C’est peu dire que j’ai été interrogée par l’« affaire Matzneff », et avant elle par l’affaire Polanski et l’affaire Haenel, la dernière étant la seule à porter le nom de la femme qui l’a portée. Quand en 1971 a été publié le manifeste pour le droit à l’avortement, 343 femmes dont l’avocate Gisèle Halimi et de nombreuses actrices et écrivaines (Micheline Presle, Stephane Audran, Marie-France Pisier, Bernadette Lafon, Anne Wiazemski…) ont mis leur carrière en péril et risqué une condamnation pénale pour défendre un droit. Pas une qui ait eu l’idée de dénoncer l’individu coupable de les avoir engrossées, bien que, étant donné l’âge de certaines, toutes n’étaient pas majeures* à ce moment. L’hebdomadaire satyrique Charlie Hebdo fit, non sans humour, sa Une de cette question : « Qui a engrossé les 343 salopes du manifeste pour l’avortement ? ».

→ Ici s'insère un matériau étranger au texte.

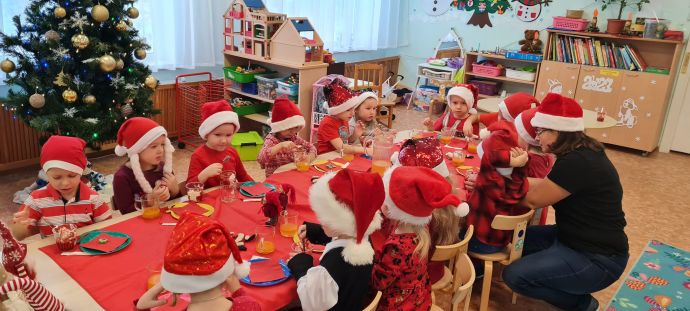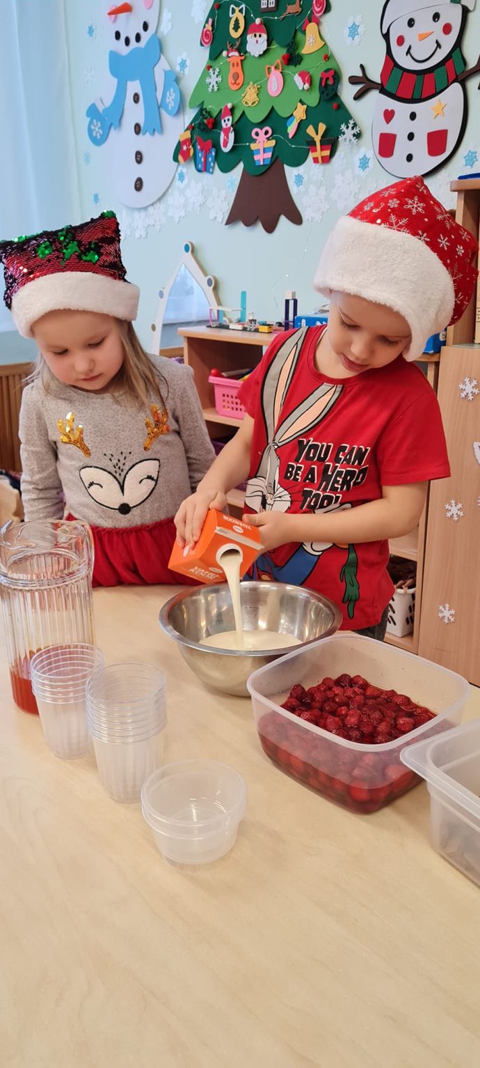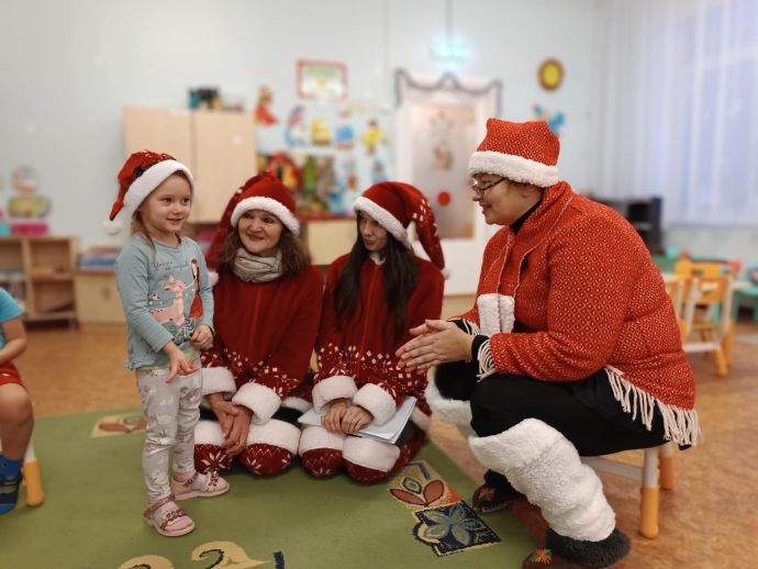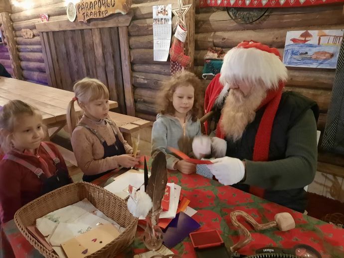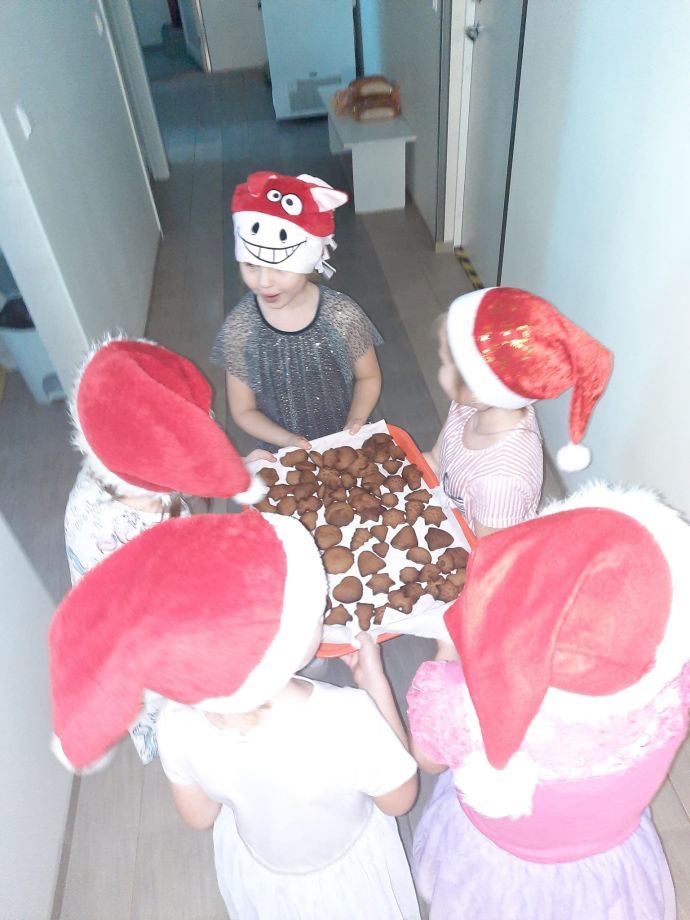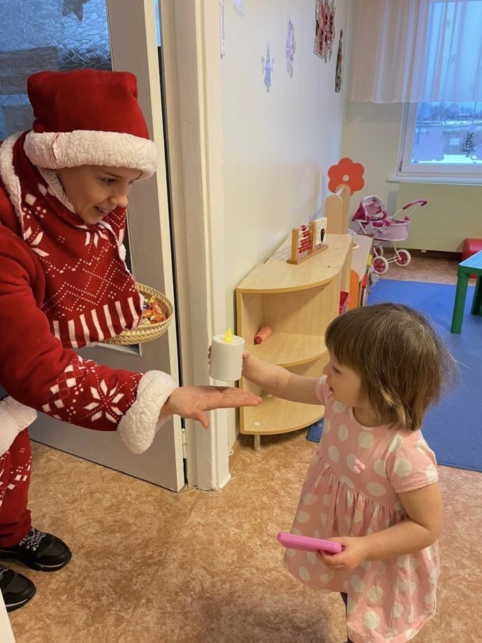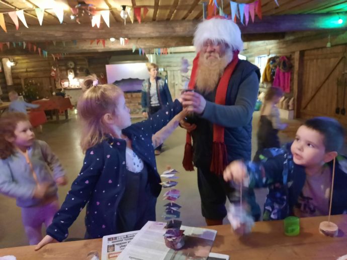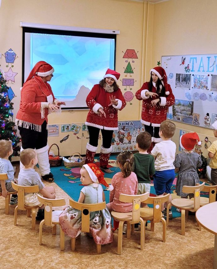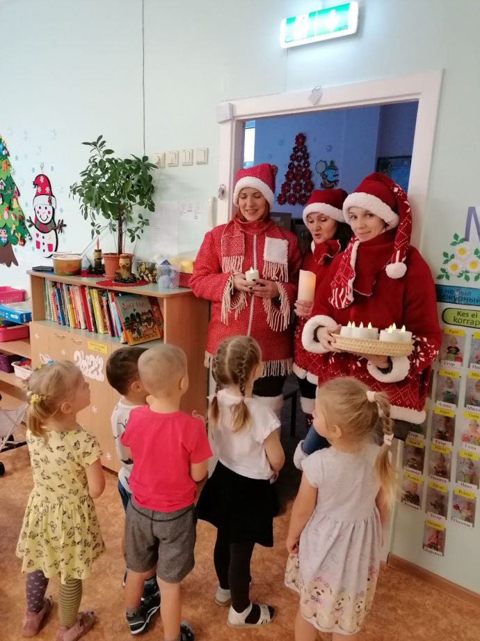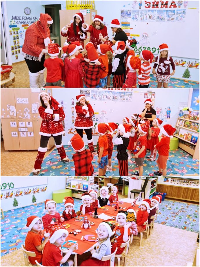 Jõuluvanaga käisid lapsed metsloomadele süüa viimas. Pärast vaatasid jõuluvana majas kaamerast, kuidas loomad toitu sõid. Esimene ülesanne oli teha jõulukaart, kirjutada sisse oma soovid, jõuluvana pani kaardile pitsati ja lapsed panid kaardi postkasti. Edasi küpsetasid lapsed jõuluvana kaminas vorstikesi ja vahukomme. Samuti tegid vahukommidest kooke. Jõuluvana pakkus toidu kõrvale kuuma kakaod ja mahla. Laste järgmine ülesanne oli teha paberist kuusk. Õpetajad tegid kasehalust päkapikud. Lõpuks oli üllatus, jõuluvana sõidutas lapsi oma tehtud sõidukiga. OLI VÄGA TORE!

Autres temps, autres mœurs ? Les mœurs que dénoncent bien tardivement les 3 « affaires » qui font aujourd’hui l’actualité sont les mœurs d’un milieu littéraire et artistique bien éloigné de celui du temps. Alors qu’elles se produisaient à Paris ou à New York, une professeure de 35 ans, inconnue de tous, fut condamnée et se suicida pour avoir aimé son élève de 17 ans. Gabrielle Russier, Gabriel Matzneff, un même prénom qui alerte sur le fait qu’être une femme n’était pas un atout et que la permissivité ne dépassait guère une sphère étroite et, si j’ose dire, privilégiée. Les parents du jeune élève portèrent plainte, la mère de la victime de Matzneff, elle-même appartenant au cénacle littéraire, ne leva pas le petit doigt alors que l’adolescente suivait l’écrivain jusque sur les plateaux de télé.
Je redoute l’indignation tardive, voire de circonstance, quelquefois même orchestrée dans un contexte promotionnel. Je déteste le féminisme plaintif et la dénonciation individuelle, le but en toutes choses n’a de vrai sens que collectif.